§ **Dataset content**:
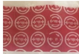
Result of being attacked with heat elements below 70°C
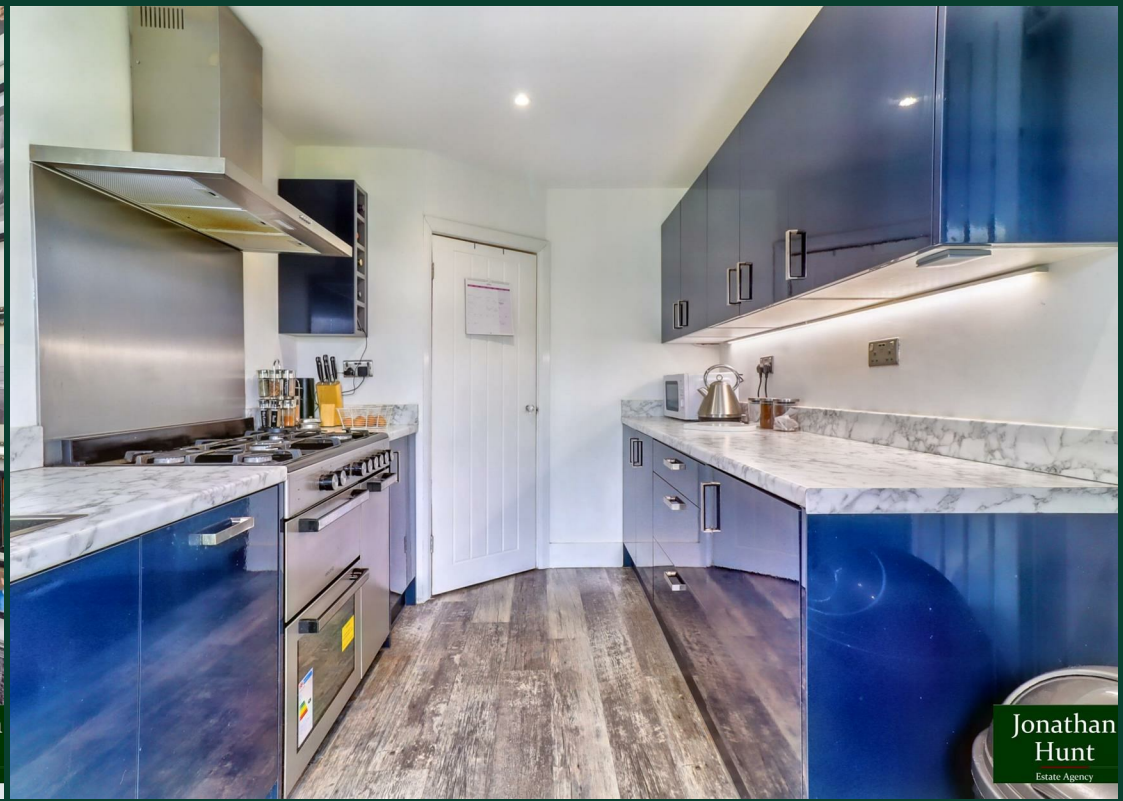
Jonathan Hunt Estate Agency
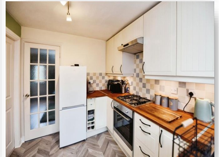
Berryhill Avenue, Girdle Toll Irvine KA11 1QP
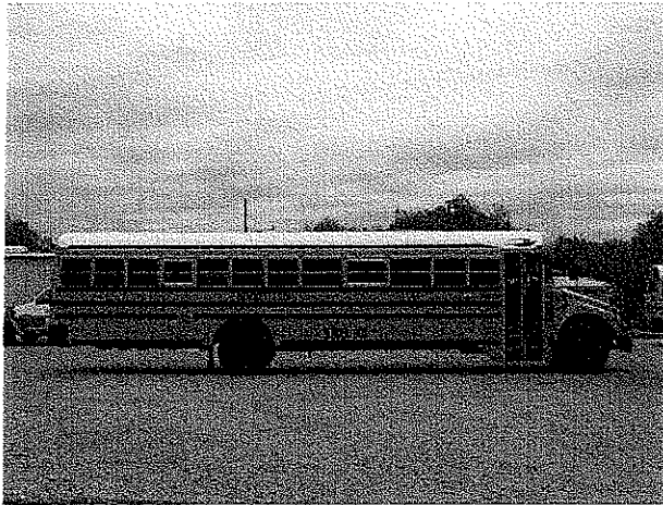
77 passenger bus

§ **The task**:
The required output is the lines from the one containing "Jonathan Hunt Estate Agency" through the end of the data, printed exactly, with no pictures.

§ **Task response**:
Jonathan Hunt Estate Agency
Berryhill Avenue, Girdle Toll Irvine KA11 1QP
77 passenger bus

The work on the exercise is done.